*WHAT YOU WILL DO*.
These records contain pictures, which must be left out; copy exactly the lines from the one with "Avviando la procedura" up to and including the one with "Los detenidos se".

*INPUT FOR THIS TASK*.

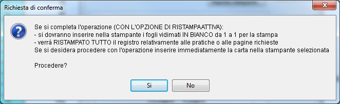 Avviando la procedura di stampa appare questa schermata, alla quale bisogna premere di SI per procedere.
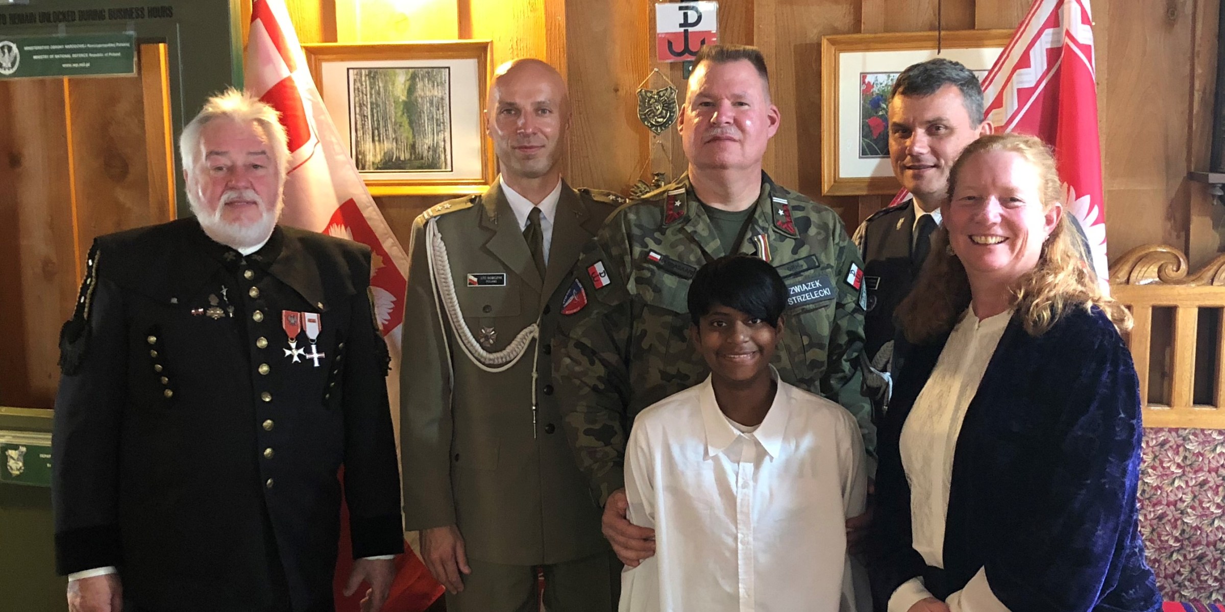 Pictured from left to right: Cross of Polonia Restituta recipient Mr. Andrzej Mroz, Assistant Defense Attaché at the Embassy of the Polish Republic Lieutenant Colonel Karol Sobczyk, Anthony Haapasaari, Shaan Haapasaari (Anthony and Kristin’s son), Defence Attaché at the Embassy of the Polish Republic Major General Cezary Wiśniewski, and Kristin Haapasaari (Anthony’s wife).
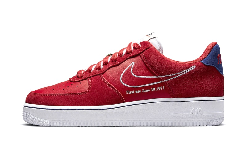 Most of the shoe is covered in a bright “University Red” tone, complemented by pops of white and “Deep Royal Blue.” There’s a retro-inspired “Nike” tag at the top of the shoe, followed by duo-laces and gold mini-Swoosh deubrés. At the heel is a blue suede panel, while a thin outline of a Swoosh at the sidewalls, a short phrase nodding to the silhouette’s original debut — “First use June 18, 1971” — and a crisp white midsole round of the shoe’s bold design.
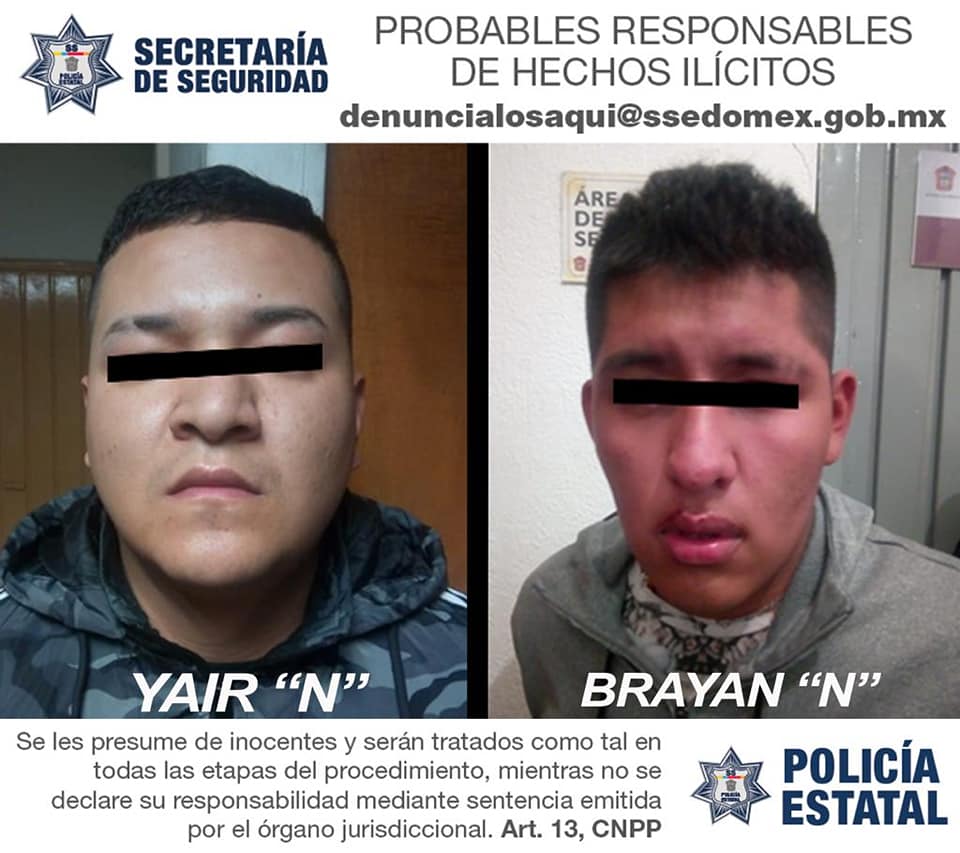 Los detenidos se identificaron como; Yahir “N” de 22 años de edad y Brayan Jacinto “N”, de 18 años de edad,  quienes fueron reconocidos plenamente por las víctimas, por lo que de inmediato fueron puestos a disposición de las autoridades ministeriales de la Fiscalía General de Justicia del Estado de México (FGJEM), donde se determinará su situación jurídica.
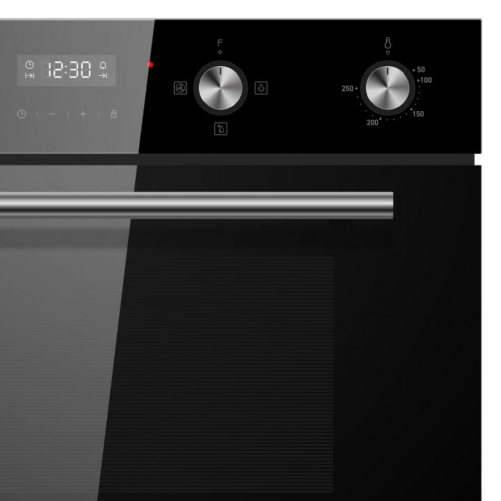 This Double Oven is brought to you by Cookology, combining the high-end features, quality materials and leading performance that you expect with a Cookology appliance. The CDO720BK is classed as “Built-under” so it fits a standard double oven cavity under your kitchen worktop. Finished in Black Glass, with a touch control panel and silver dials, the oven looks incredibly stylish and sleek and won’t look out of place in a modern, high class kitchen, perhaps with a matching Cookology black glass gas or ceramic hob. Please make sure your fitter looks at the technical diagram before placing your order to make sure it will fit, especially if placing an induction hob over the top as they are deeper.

--

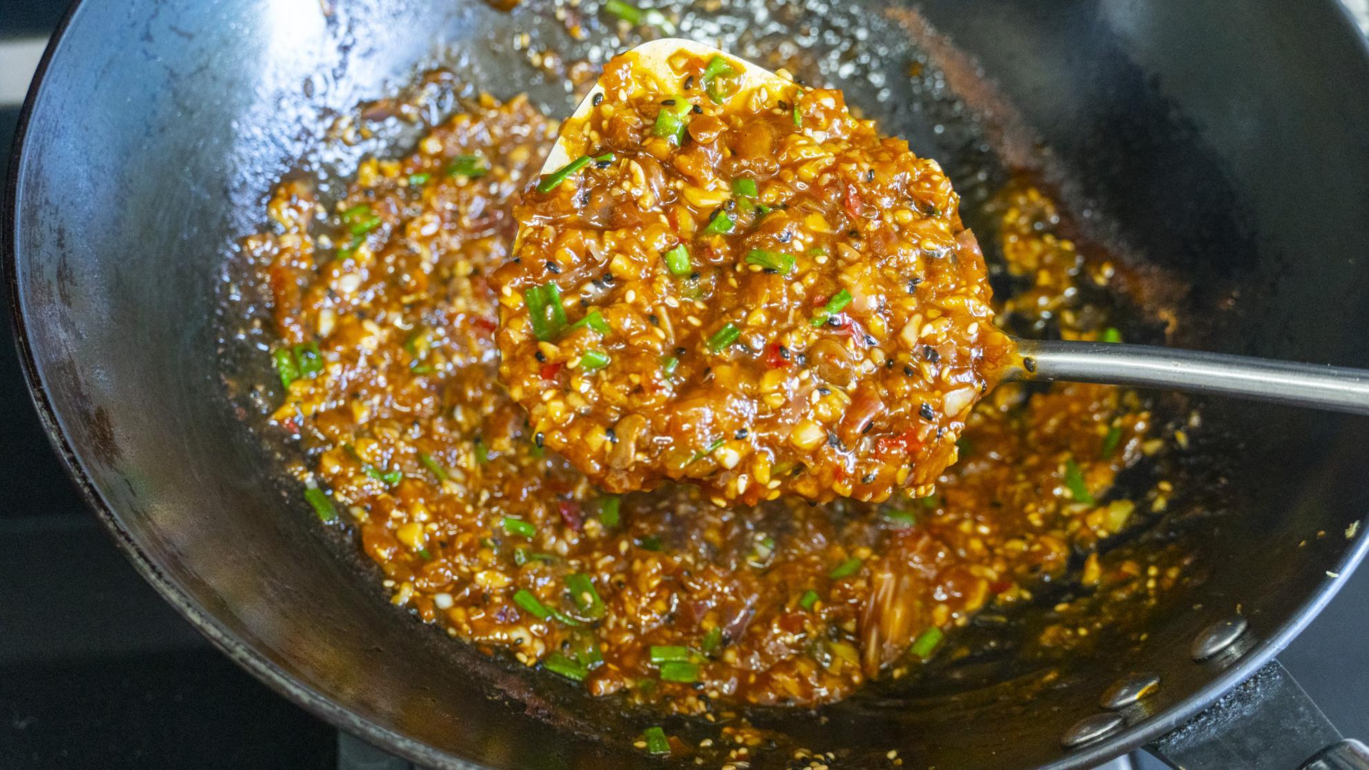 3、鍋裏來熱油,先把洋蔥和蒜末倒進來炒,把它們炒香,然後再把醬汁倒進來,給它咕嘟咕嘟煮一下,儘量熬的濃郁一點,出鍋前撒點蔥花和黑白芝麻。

*EXERCISE RESULT*.
 Avviando la procedura di stampa appare questa schermata, alla quale bisogna premere di SI per procedere.
 Pictured from left to right: Cross of Polonia Restituta recipient Mr. Andrzej Mroz, Assistant Defense Attaché at the Embassy of the Polish Republic Lieutenant Colonel Karol Sobczyk, Anthony Haapasaari, Shaan Haapasaari (Anthony and Kristin’s son), Defence Attaché at the Embassy of the Polish Republic Major General Cezary Wiśniewski, and Kristin Haapasaari (Anthony’s wife).
 Most of the shoe is covered in a bright “University Red” tone, complemented by pops of white and “Deep Royal Blue.” There’s a retro-inspired “Nike” tag at the top of the shoe, followed by duo-laces and gold mini-Swoosh deubrés. At the heel is a blue suede panel, while a thin outline of a Swoosh at the sidewalls, a short phrase nodding to the silhouette’s original debut — “First use June 18, 1971” — and a crisp white midsole round of the shoe’s bold design.
 Los detenidos se identificaron como; Yahir “N” de 22 años de edad y Brayan Jacinto “N”, de 18 años de edad,  quienes fueron reconocidos plenamente por las víctimas, por lo que de inmediato fueron puestos a disposición de las autoridades ministeriales de la Fiscalía General de Justicia del Estado de México (FGJEM), donde se determinará su situación jurídica.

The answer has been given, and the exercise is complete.